We head down the road, chatting away about this and that, when I realize that my beloved classic rock radio station isn`t on. GASP! Has someone dared to touch the knob?! I couldn`t imagine it, since turning the radio knob is a crime punishable by several hours of harping. Not meaning to be rude, but now beginning to get twitchy, I reached over and cranked the volume up in the middle of what my mother-in-law was saying. I smiled at her and mumbled something about music. Nothing came from the speakers but static. I began to perspire.
“Oh, this is bad.” I said and fiddled with the knob, fine-tuning desperately. “The Met is off the air!”
“Guess you`ll have to listen to hillbilly music,” my mother-in-law commented.
My eyes widened. The truck weaved just slightly as I kept fiddling. Now don`t get me wrong country music fans, I sort-of enjoy country tunes if they`re the old performers. Conway Twitty, George Jones, Johnny Cash, Freddy Fender, you know?

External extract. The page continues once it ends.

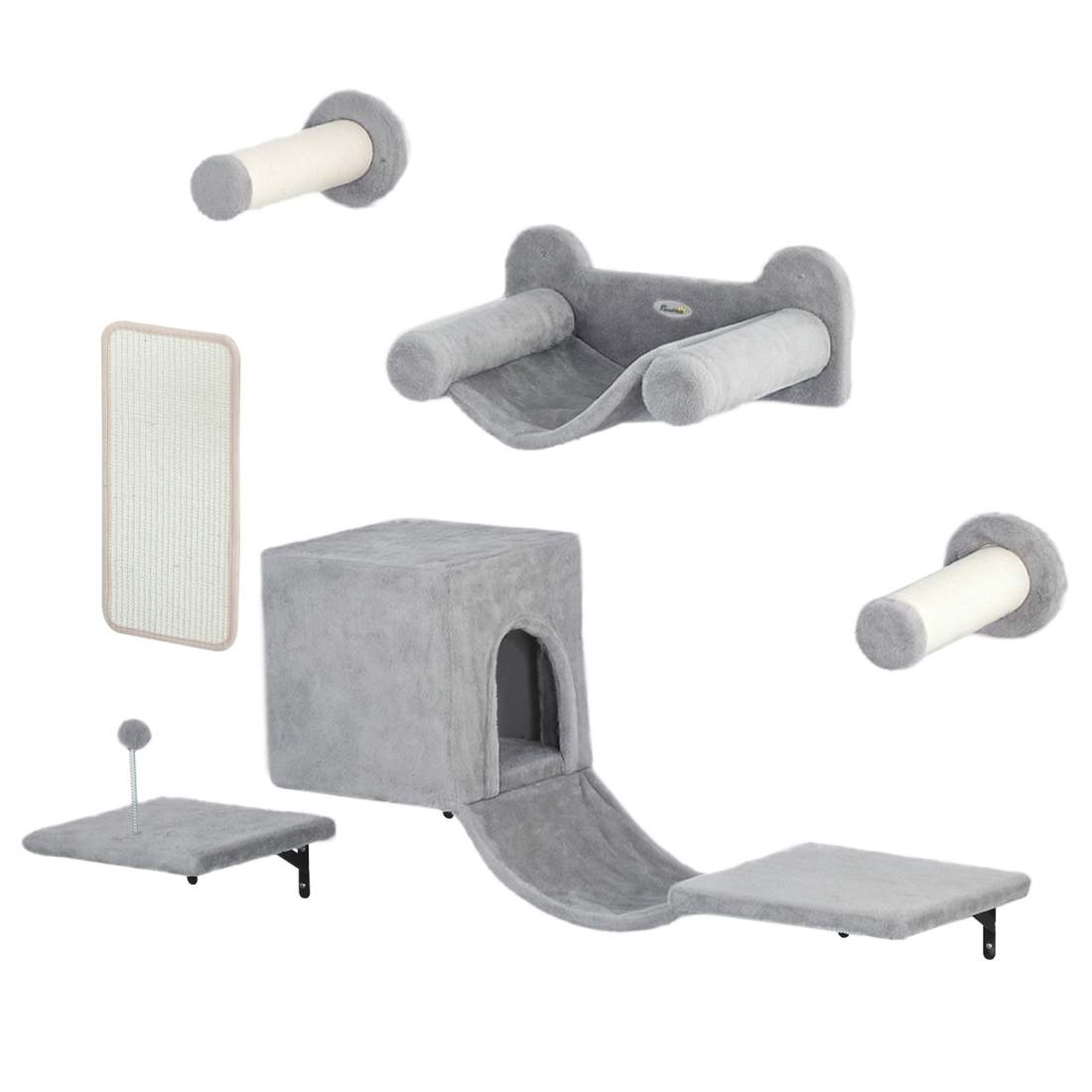 Klättervägg för katter 6-delad kattklätterväggssats med katthus, hängmatta, plattform och skrapbräda grå

The stuff my mother listened to while I was growing up and trying to drown out her music with KISS and YES. It`s just, to me, all these new country singers sound the same. I`m sure folks that aren`t into rock or metal say the same thing about those genres too, though.
“Uhm,” I brilliantly replied and began searching for a rock station with desperation. “There`s got to be another classic rock station somewhere.”
Well, sadly, it seems there isn`t in this neck of the woods. There are a hundred and fifty-three country stations, one classical music station, and several stations that play rap/pop/dance or whatever the Sam Hill kids call their tunes nowadays. I flew past someone who sounded like that Beiber kid as if Satan himself was the disc jockey. As the panic set in I landed on a station that was playing something that sounded like a woman singing while mixing a cake with the blender set on warp nine. I think it might have been some new club song. Either that or she had her booby caught in that warp nine blender. I began to have mild palpitations and my mouth felt dry.
“Zeppelin,” I coughed weakly. “Must………..find……..Zeppelin.”
Fortunately, through all this gasping, wheezing and general hysteria (Ah Def Leppard, where were you when I needed you the most?) my mother-in-law was, as always, pleasant and non-judgmental. She simply watched me mumbling incoherently then smiled when I cussed out the truck driver behind me who was getting antsy as I drove and searched for some rock music. Finally, by the grace of the gods of rock and roll, I stumbled into a radio station that was playing The Monkees. Granted, that group isn`t The Who but it was much better than Justin Beiber. I sighed. Then the next song came on. It was Billy Joel. I began to weep silently and turned the damned radio off.
“We`ll just talk,” I muttered, to which, my mother-in-law smiled once more and nodded.